# Task directions:
You are asked to copy the entire listing exactly, apart from its pictures.

# Dataset section:
= Beginning of Section =

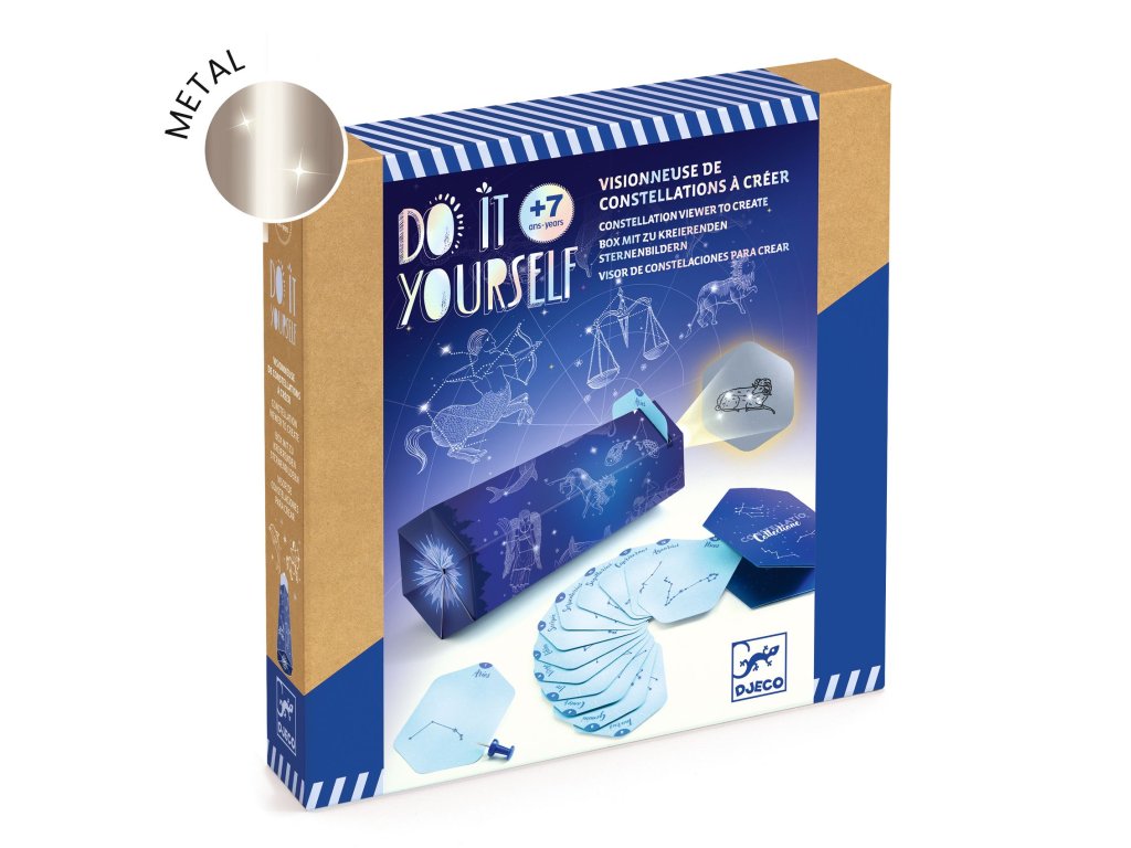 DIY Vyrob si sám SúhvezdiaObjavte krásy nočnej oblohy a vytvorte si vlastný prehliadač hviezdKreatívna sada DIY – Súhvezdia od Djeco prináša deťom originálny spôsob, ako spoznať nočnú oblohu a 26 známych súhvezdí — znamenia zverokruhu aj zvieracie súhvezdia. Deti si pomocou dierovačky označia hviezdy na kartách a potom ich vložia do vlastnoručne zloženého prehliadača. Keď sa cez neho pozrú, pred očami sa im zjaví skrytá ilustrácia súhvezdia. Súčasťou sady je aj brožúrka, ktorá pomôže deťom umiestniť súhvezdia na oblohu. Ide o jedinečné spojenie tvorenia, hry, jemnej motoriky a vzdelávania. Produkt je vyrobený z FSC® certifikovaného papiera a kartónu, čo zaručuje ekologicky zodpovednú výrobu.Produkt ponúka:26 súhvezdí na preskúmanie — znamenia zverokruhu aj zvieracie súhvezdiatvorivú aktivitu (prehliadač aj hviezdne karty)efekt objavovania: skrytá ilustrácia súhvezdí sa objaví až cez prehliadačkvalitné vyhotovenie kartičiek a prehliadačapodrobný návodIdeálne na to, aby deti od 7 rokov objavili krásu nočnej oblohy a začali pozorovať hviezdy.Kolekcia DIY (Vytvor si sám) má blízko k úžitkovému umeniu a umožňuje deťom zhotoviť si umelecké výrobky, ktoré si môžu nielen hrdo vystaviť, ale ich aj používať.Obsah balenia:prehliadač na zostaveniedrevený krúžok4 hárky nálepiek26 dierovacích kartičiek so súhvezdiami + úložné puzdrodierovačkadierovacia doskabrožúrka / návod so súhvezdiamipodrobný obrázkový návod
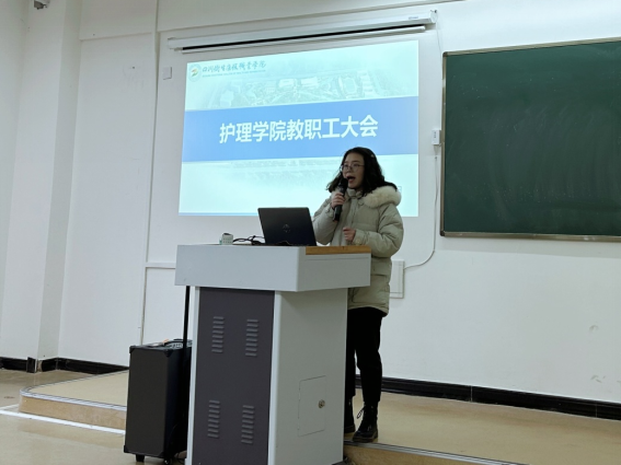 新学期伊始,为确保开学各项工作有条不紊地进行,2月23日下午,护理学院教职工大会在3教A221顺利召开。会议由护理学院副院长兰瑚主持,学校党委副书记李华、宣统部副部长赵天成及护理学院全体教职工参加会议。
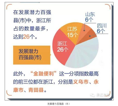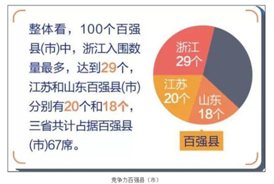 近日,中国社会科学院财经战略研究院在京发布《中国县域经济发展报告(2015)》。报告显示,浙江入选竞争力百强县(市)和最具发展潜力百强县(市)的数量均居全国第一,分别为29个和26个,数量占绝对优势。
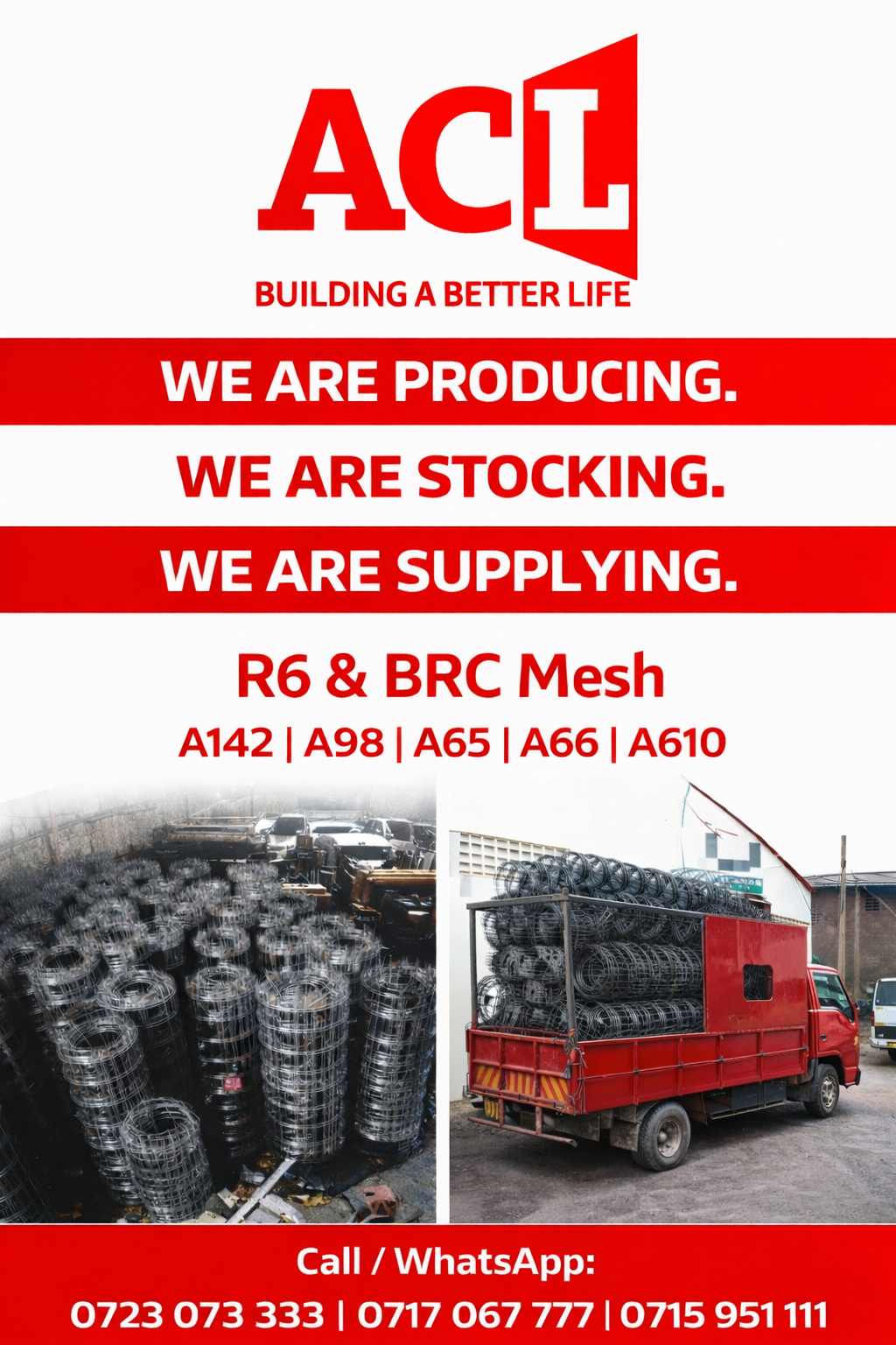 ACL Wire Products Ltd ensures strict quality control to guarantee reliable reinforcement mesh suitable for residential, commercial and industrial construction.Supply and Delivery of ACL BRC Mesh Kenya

= End of Section =

# Result of the task:
 DIY Vyrob si sám SúhvezdiaObjavte krásy nočnej oblohy a vytvorte si vlastný prehliadač hviezdKreatívna sada DIY – Súhvezdia od Djeco prináša deťom originálny spôsob, ako spoznať nočnú oblohu a 26 známych súhvezdí — znamenia zverokruhu aj zvieracie súhvezdia. Deti si pomocou dierovačky označia hviezdy na kartách a potom ich vložia do vlastnoručne zloženého prehliadača. Keď sa cez neho pozrú, pred očami sa im zjaví skrytá ilustrácia súhvezdia. Súčasťou sady je aj brožúrka, ktorá pomôže deťom umiestniť súhvezdia na oblohu. Ide o jedinečné spojenie tvorenia, hry, jemnej motoriky a vzdelávania. Produkt je vyrobený z FSC® certifikovaného papiera a kartónu, čo zaručuje ekologicky zodpovednú výrobu.Produkt ponúka:26 súhvezdí na preskúmanie — znamenia zverokruhu aj zvieracie súhvezdiatvorivú aktivitu (prehliadač aj hviezdne karty)efekt objavovania: skrytá ilustrácia súhvezdí sa objaví až cez prehliadačkvalitné vyhotovenie kartičiek a prehliadačapodrobný návodIdeálne na to, aby deti od 7 rokov objavili krásu nočnej oblohy a začali pozorovať hviezdy.Kolekcia DIY (Vytvor si sám) má blízko k úžitkovému umeniu a umožňuje deťom zhotoviť si umelecké výrobky, ktoré si môžu nielen hrdo vystaviť, ale ich aj používať.Obsah balenia:prehliadač na zostaveniedrevený krúžok4 hárky nálepiek26 dierovacích kartičiek so súhvezdiami + úložné puzdrodierovačkadierovacia doskabrožúrka / návod so súhvezdiamipodrobný obrázkový návod
 新学期伊始,为确保开学各项工作有条不紊地进行,2月23日下午,护理学院教职工大会在3教A221顺利召开。会议由护理学院副院长兰瑚主持,学校党委副书记李华、宣统部副部长赵天成及护理学院全体教职工参加会议。
 近日,中国社会科学院财经战略研究院在京发布《中国县域经济发展报告(2015)》。报告显示,浙江入选竞争力百强县(市)和最具发展潜力百强县(市)的数量均居全国第一,分别为29个和26个,数量占绝对优势。
 ACL Wire Products Ltd ensures strict quality control to guarantee reliable reinforcement mesh suitable for residential, commercial and industrial construction.Supply and Delivery of ACL BRC Mesh Kenya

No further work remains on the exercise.